И, прежде чем тетка успела обрушиться на него с обвинениями в богохульстве, он резко распахнул дверь и выскочил на залитое ярким солнечным светом крыльцо, забыв и шляпу, и трость, на которую всегда опирался при ходьбе.

В церкви звонил колокол. Один–единственный. И Эрнесту с его растревоженной душой этот звон показался похоронным.

– Мистер Пик, это вы? Погодите же, мистер Пик!

Голос был тихий, смущенный. Эрнест тряхнул головой, постепенно приходя в себя. Он стоял, опираясь о стену, отделявшую храмовый двор от домика священника. Колокол наконец звонить перестал. Прямо перед Эрнестом стояла тоненькая девушка. Широкие поля шляпы закрывали от солнца ее лицо. На ней было простенькое платьице из темно–серой материи – того же цвета, что и ее большие, полные тревоги глаза.

Хотя в данный момент Эрнеста больше всего занимал вопрос, не плакал ли он в полный голос – он знал, что с ним такое порой случается, – все же рука его машинально поднялась к полям несуществующей шляпы.

– Доброе утро, мисс Поллок, – выдавил он наконец. – Простите, если я вас напугал…

– Ничуть вы меня не напугали. Я просто решила тут прогуляться, пока дедушка доводит до ума свою проповедь.

Страстно желая стереть дурное впечатление, которое он, возможно, произвел на эту милую девушку, он пробормотал:

– Боюсь, вы уже догадались, что меня, к сожалению, в церкви не будет и послушать проповедь вашего дедушки я не смогу. Видите ли, я только что пытался объяснить своей тетке, что… потерял всякую веру в любящего, всепрощающего и всезнающего Бога, увидев, что Он позволил сотворить там, где я побывал!

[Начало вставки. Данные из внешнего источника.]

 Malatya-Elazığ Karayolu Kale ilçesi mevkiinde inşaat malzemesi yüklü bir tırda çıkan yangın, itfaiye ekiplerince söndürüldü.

Чувствуя, что бормочет нечто уж и вовсе несусветное, Эрнест умолк на полуслове, с удивлением и невероятным облегчением заметив, что мисс Поллок и не думает на него обижаться. Мало того, она сказала:

– Да, это я хорошо понимаю! Джеральд, мой жених, говорил примерно то же, когда приезжал в отпуск…

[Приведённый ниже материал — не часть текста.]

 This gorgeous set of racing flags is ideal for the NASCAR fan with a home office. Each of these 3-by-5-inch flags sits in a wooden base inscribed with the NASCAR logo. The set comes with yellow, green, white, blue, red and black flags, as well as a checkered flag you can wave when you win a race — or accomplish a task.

«Да! – подумал Эрнест. – О Джеральде я уже слышал. Убит в боях… под Камбре. Кажется, танкист».

Пока он мучительно подыскивал нужные слова, со стороны замка донесся скрип колес по гравию: это означало, что леди Пик собралась ехать в церковь в карете, хотя пешком могла бы добраться туда в два раза быстрее, ведь на карете приходилось делать довольно–таки большой крюк. Но, разумеется, тетя Аглая пешком ни за что бы не пошла!

Она также, безусловно, могла бы купить себе и автомобиль вместо кареты – впрочем, у дяди Родрика автомобиль имелся еще до войны, только она этого никогда не одобряла и не раз говорила, что была просто счастлива, когда их шофера призвали в армию и сэр Родрик велел ему ехать в Лондон на машине и там передать ее на нужды своего полка.

Мисс Поллок, глядя Эрнесту через плечо, заметила:

– Вот и ваша тетя отправилась в церковь. Мне, пожалуй, пора поторопить деда, а то он иногда теряет счет времени. Между прочим, я вот еще что хотела сказать: в теплую погоду мы любим пить чай в саду. Может быть, вы как–нибудь захотите к нам присоединиться? Мы были бы очень рады!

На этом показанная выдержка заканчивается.